The key context is that the V3 spec is brand new, having been finalized only about two months ago. The official Apache Iceberg release that incorporates all these V3 features isn't even out yet. So, you'll find that the entire ecosystem, including major vendors, is in a similar position of implementing the new spec.

The purpose of our blog post was to celebrate this huge milestone for the open-source community and to share a technical deep-dive on why these new capabilities are so important.

ahmetburhan · 2025-08-11T18:56:40 1754938600

Cool to see Iceberg getting these kinds of upgrades. Deletion vectors and default column values sound like real quality-of-life improvements, especially for big, messy datasets. Curious to hear if anyone’s tried V3 in production yet and what the performance looks like.

jamesblonde · 2025-08-11T21:07:59 1754946479

Is it out yet?

talatuyarer · 2025-08-11T17:45:48 1754934348

This new version has some great new features, including deletion vectors for more efficient transactions and default column values to make schema evolution a breeze. The full article has all the details.

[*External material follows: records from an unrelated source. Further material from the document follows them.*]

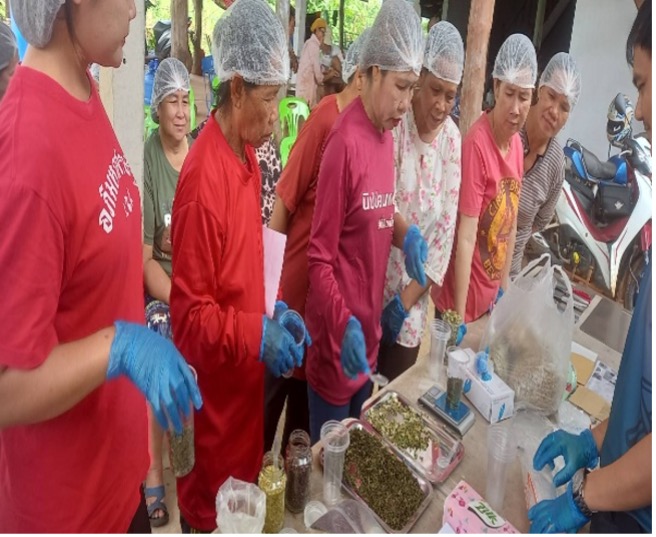 กิจกรรมที่ 4 ออกแบบผลิตภัณฑ์ชาข้าวเม่าและผลพลอยได้ผสมสมุนไพร ออกแบบและพัฒนาผลิตภัณฑ์ชาข้าวเม่า รำและข้าวลีบ ผสมพืชสมุนไพร เช่น ใบเตย กุหลาบ ดาวเรือง ไหมข้าวโพด ขิง บรรจุในซองชาเยื่อกระดาษ และชงเพื่อทดสอบชิม คัดเลือกตำรับที่เหมาะสม พัฒนาผลิตภัณฑ์ชาพืชสมุนไพร และชาข้าวเม่าผสมพืชสมุนไพรบรรเทาอาการเมาค้าง โดยใช้เทคโนโลยีที่เหมาะสมกับชุมชน คั่วในกระทะที่ใช้คั่วข้าวเม่า จนแห้งสนิทหรือมีค่า aw น้อยกว่า 0.6 เพื่อป้องกันเชื้อราและยืดอายุการเก็บรักษา และบรรจุในถุงชา อย่างไรก็ตาม ข้าวเม่าบ้านนาล้อมเริ่มผลิตในช่วงเดือนกรกฎาคม-พฤศจิกายน จึงมีการพัฒนาผลิตภัณฑ์ชาข้าวเม่าในช่วงเดือนกรกฎาคม ส่วนชาสมุนไพรได้มีการพัฒนาตั้งแต่เดือนมีนาคม-สิงหาคม ตามฤดูกาลเก็บเกี่ยวของพืชชนิดนั้นๆ ชาพืชสมุนไพร และชาข้าวเม่าผสมพืชสมุนไพรบรรเทาอาการเมาค้าง ตามตำรับของชุมชนพบว่ามีสมุนไพรหลายชนิดที่ไม่อยู่ในรายการพืชอาหารที่ใช้ทำเครื่องดื่มตามประกาศของกระทรวงสาธารณสุข จึงได้ศึกษาชนิดของพืชและส่วนของพืชตามประกาศกระทรวงสาธารณสุข คือ เนื้อผลมะขามป้อม เนื้อผลมะนาว กลีบเลี้ยงหรือริ้วประดับกระเจี๊ยบแดง เหง้าขิง ใบหรือยอดโหระพา ดอกคำฝอย ซึ่งส่วนใหญ่ไม่สามารถหาได้ในท้องถิ่น ดังนั้น จึงได้พัฒนาผลิตภัณฑ์ที่อยู่ในเกณฑ์และมีวัตถุดิบปริมาณมากในท้องถิ่น โดยพืชเหล่านี้ต้องมีประวัติการนำมาใช้เป็นอาหาร ไม่พบสารพิษธรรมชาติ หรือสารอื่นที่อาจมีอันตรายต่อสุขภาพ ตามที่ระบุในประกาศกระทรวงสาธารณสุข (ฉบับที่ 426) พ.ศ.2564 เท่านั้น จึงได้เลือกออกแบบและพัฒนาผลิตภัณฑ์ใหม่ คือ ชาข้าวเม่าหอมแดง ซึ่งประกอบไปด้วย ข้าวเม่า หอมแดง ใบเตย และใบหม่อน อย่างไรก็ตาม อาจารย์ได้ลงพื้นที่เพื่อนำสูตรผลิตภัณฑ์ต้นแบบไปทดสอบชิมให้กับสมาชิกของวิสาหกิจชุมชนฯ รวมทั้งให้ชุมชนทดลองพัฒนาสูตรผลิตภัณฑ์ต้นแบบ โดยใช้พืชที่ปลูกในท้องถิ่น กิจกรรมที่ 5 อบรมถ่ายทอดเทคโนโลยีการทำอาหารแห้งด้วยตู้อบชีวมวล ทีมอาจารย์ได้ปรึกษากับสมาชิกวิสาหกิจชุมชนฯ เพื่อร่วมกันออกแบบเตาชีวมวล ให้มีประสิทธิภาพดีกว่าเตาคั่วข้าวเม่าแบบเดิม และร่วมกันออกแบบตู้อบพลังงานชีวมวลเพื่อใช้ประโยชน์จากฟืน ถ่านที่เหลือจากการคั่วข้าวเม่า รวมทั้งเศษชีวมวลต่างๆ เช่น ตอซังข้าว เพื่อใช้ในการอบแห้งชาหรือผลิตภัณฑ์อาหารแห้งต่างๆ เมื่อออกแบบและจัดทำเตาพลังงานชีวมวลแล้ว นำไปอบรมถ่ายทอดเทคโนโลยีการทำแห้งข้าวเม่าในวันที่ 29 สิงหาคม พ.ศ. 2568 ให้กับสมาชิกวิสาหกิจชุมชน ณ วิสาหกิจชุมชนกลุ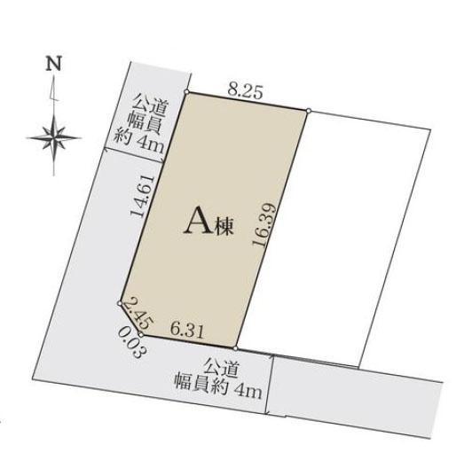 | 私道面積 | 接道状況 | 角地 南4m 西4m |
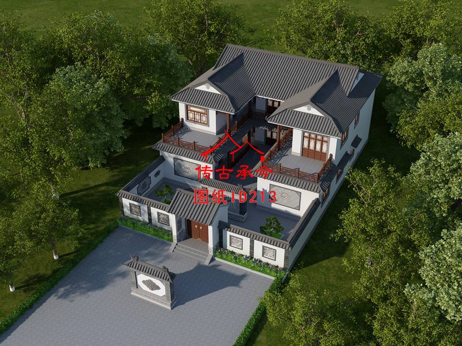 編號(hào)213:16.2*25.3米二層連體歇山新中式三合院全套施工圖紙?jiān)O(shè)計(jì)圖紙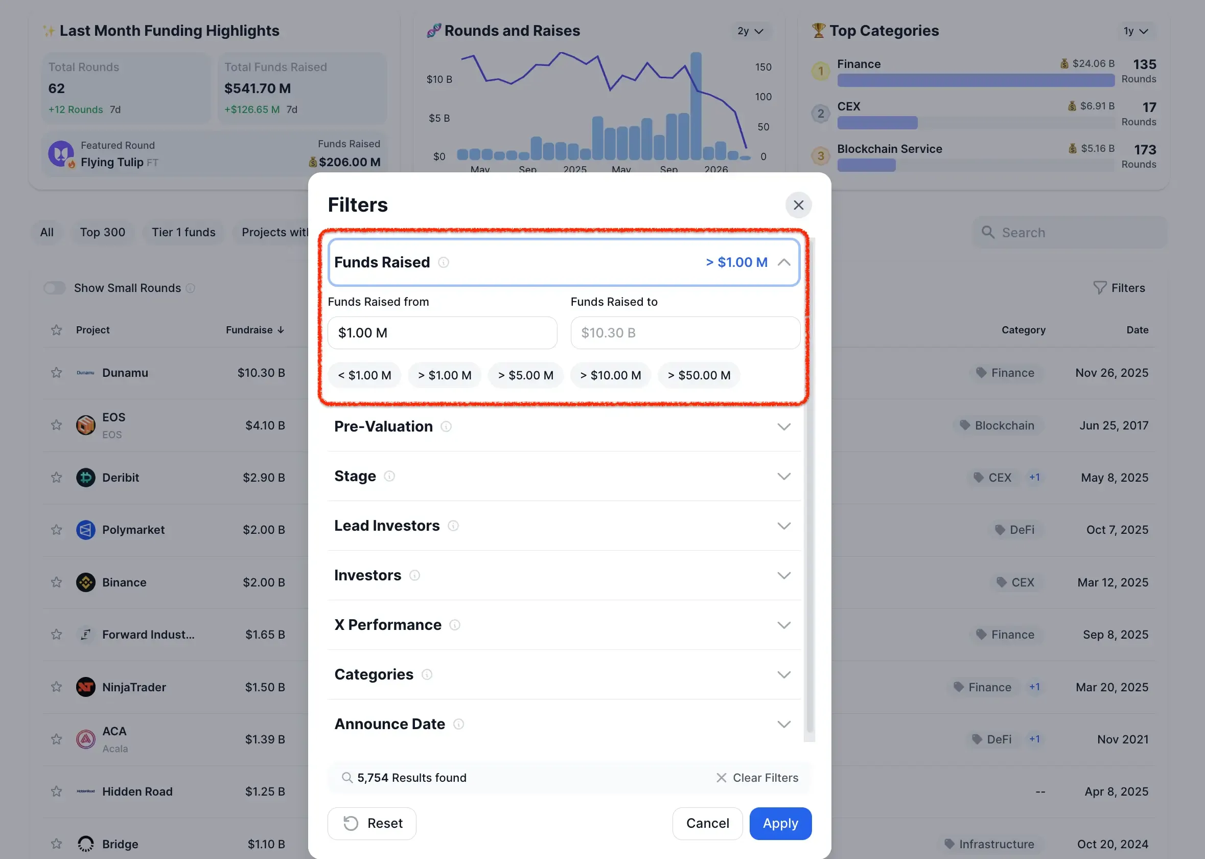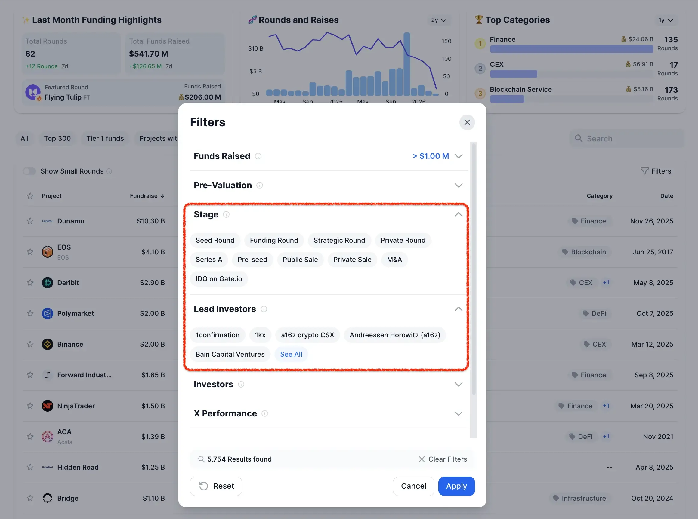 จากที่นั่น คุณสามารถปรับแต่ง "Stage" และ "Lead Investors" การใช้เมตริกที่แม่นยำเหล่านี้ทำให้มั่นใจได้ว่าคุณใช้เวลาเฉพาะในการดูโครงการที่ตรงตามเกณฑ์การลงทุนที่เข้มงวดและเป็นส่วนตัวของคุณเท่านั้น

jamesblonde · 2025-08-11T21:05:26 1754946326

When will open source v3 come out? It's supposed to be in Apache Iceberg 1.10, right?

talatuyarer · 2025-08-11T21:19:14 1754947154

Yes 1.10 version will be first version for V3 spec. But not all features are implemented on runners such as Spark or Flink.

fabatka · 2025-08-11T21:42:46 1754948566

I thought 1.9.0 already had at least some of the v3 features, like the variant type and column lineages? https://iceberg.apache.org/releases/#190-release

Of course I haven't seen any implementations supporting these yet.

talatuyarer · 2025-08-11T22:29:30 1754951370

Yes, the specification will be finalized with version 1.10. Previous versions also include specification changes. Iceberg's implementation of V3 occurs in three stages: Specification Change, Core Implementation, and Spark/Flink Implementation.

So far only Variant is supported in Spark and with 1.10 Spark will support nano timestamp and unknowntype I believe.

jamesblonde · 2025-08-12T05:18:08 1754975888

Any idea when 1.10 will be released?

talatuyarer · 2025-08-12T16:36:38 1755016598

I believe we are very close to release candidate. We are waiting unknown type support for Apache Spark per latest email

https://lists.apache.org/thread/gd5smyln3v6k4b790t5d1vy4483m...

robertlagrant · 2025-08-11T21:31:03 1754947863

> default column values

The way they implemented this seems really useful for any database.